Build a real-time AI voicebot with Asterisk + AudioSocket + STT/LLM/TTS or STS

gcareri · July 25, 2025, 2:31pm

Hi everyone,

I’m Giuseppe Careri, a developer, solution architect, and Asterisk enthusiast for over 15 years.

Earlier this year I had the pleasure of presenting this solution at Astricon 2025, where I showcased how to build a fully automated AI voicebot using Asterisk with AudioSocket, integrating real-time STT/LLM/TTS pipelines.

If you’re working on real-time voice interactions using Asterisk, and you’re looking to build an AI-powered voicebot using Speech-to-Text (STT), Large Language Models (LLM), and Text-to-Speech (TTS) — I wanted to share a project that might save you weeks of setup and experimentation.

What this does

We’ve built an open source, production-ready infrastructure that allows you to:

Receive or place calls through Asterisk
Forward live audio using AudioSocket (TCP-based audio streaming)
Process it through a modular AI pipeline:
- STT (e.g. Deepgram, Whisper)
- LLM (e.g. OpenAI GPT-4, local models)
- TTS (e.g. ElevenLabs, Coqui)

Or Speech to Speech (e.g. OpenAI Realtime)

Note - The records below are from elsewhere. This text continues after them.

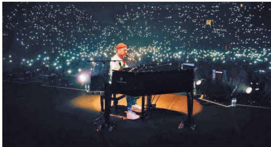
Nil Moliner será el primer artista en actuar en las fiestas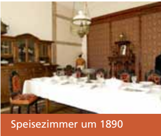
Speisezimmer um 1890

Die Geschichte des Salzgittergebietes in der Neuzeit präsentiert sich dem Besucher im ersten Obergeschoß des Schlosses mit einer breiten Palette von Ereignissen sowie Personen, die entscheidend für die Geschichte dieser Region gewesen sind. Man kann u. a. auf Wandermusikanten aus Salzgitter treffen, die im 19. Jahrhundert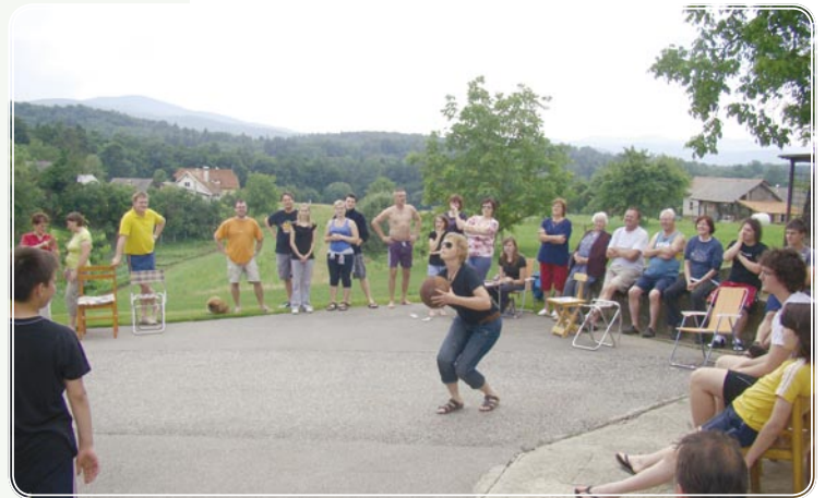
Met na koš

The system responds in real time, enabling AI agents to fully replace or assist live operators.

How it works (tech stack)

Asterisk (v18+) with res_audiosocket enabled
Node.js app that:
- Streams audio bidirectionally via AudioSocket
- Manages context & latency buffers
- Orchestrates STT → LLM → TTS in real-time or STT
Docker-based deployment
Optional UI and ASR/LLM/TTS plugins

Try it out

Infra & Docker setup:
GitHub - agentvoiceresponse/avr-infra: The AVR Infrastructure project is designed to launch the Agent Voice Response application, which will start the Core, ASR, LLM, and TTS services integrated with Asterisk Audiosocket.
Join our Discord (community support, feedback welcome):
Agent Voice Response

Ideal for:

Replacing IVRs with natural language AI agents
Building outbound call agents (notifications, surveys, etc.)
AI receptionist or first-line support
Multilingual customer service

We’re actively improving it and would love feedback, contributions, or collaboration.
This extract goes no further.